- Developer: Marcos "Sergeant Mark IV" Abenante
- Release: August 19, 2010; 16 years ago
- Stable release: v21 / May 18, 2019; 7 years ago
- Engine: Doom engine
- Platform: Microsoft Windows, OS X, Linux, Android
- Type: First-person shooter
- Website: www.moddb.com/mods/brutal-doom

= Brutal Doom =

2010 video game modification

Brutal Doom is a video game mod for the 1993 first-person shooter Doom created by the Brazilian developer Marcos Abenante, known online as "Sergeant Mark IV". It adds numerous gameplay elements and graphical effects. The mod has been in development since 2010, and continues to receive new updates.

== Gameplay ==

Screenshot of the player armed with a shotgun after killing an undead soldier with it

Brutal Doom adds many gameplay features, such as blood splattering, allied Marines, an updated particle system, interactive bodies and "intestine particles"; interactive particles that enemies drop upon killed, the ability to drive vehicles such as tanks, stealth kills, headshots, and various "Mortal Kombat-esque fatality animations". Enemy AI has been revamped, with most enemies gaining new attacks and behaviors.

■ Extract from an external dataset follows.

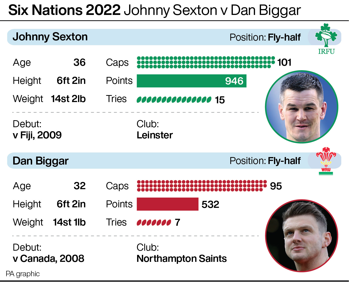 Intriguing individual contests will run through the game, but none more so than than the fly-half battle between Irish inspiration Johnny Sexton and new Wales captain Dan Biggar.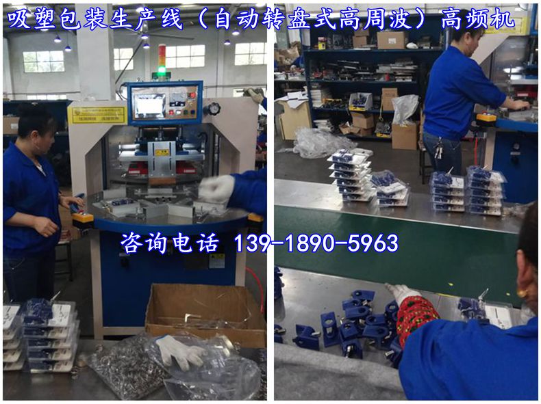 客戶流水線配套生產(chǎn)吸塑包裝采用佳湖多工位自動轉(zhuǎn)盤式高頻機

The mod includes new and updated guns, such as a flamethrower, the demonic Unmaker, assault shotguns, new rifle types, a grenade launcher and some weapons used by enemies, specifically a Revenant's missiles or a Mancubus' flame cannon. In addition the weapon mechanics have also changed, with certain guns requiring reloading, having recoil, and iron sights or scopes.

== Reception ==
The mod was mentioned by John Romero, who jokingly said that if id Software had released the original Doom with the features of Brutal Doom, they would have "destroyed the gaming industry", but he later mentioned on his Twitter feed that Brutal Doom "is not how doom's supposed to be played". Dominic Tarason of Rock Paper Shotgun remarked how the mod has "risen to such ubiquity that it has spawned a whole parallel mod scene of its own" and considered it "a game in its own right at this point". Andras Neltz of Kotaku said that it was "shaping up to be one of the modding greats". TechRadar called it "the most modernised, spectacular Doom mod to date". Chris Plante of Polygon called it "incredible", "stomach-churning" and "hysterical".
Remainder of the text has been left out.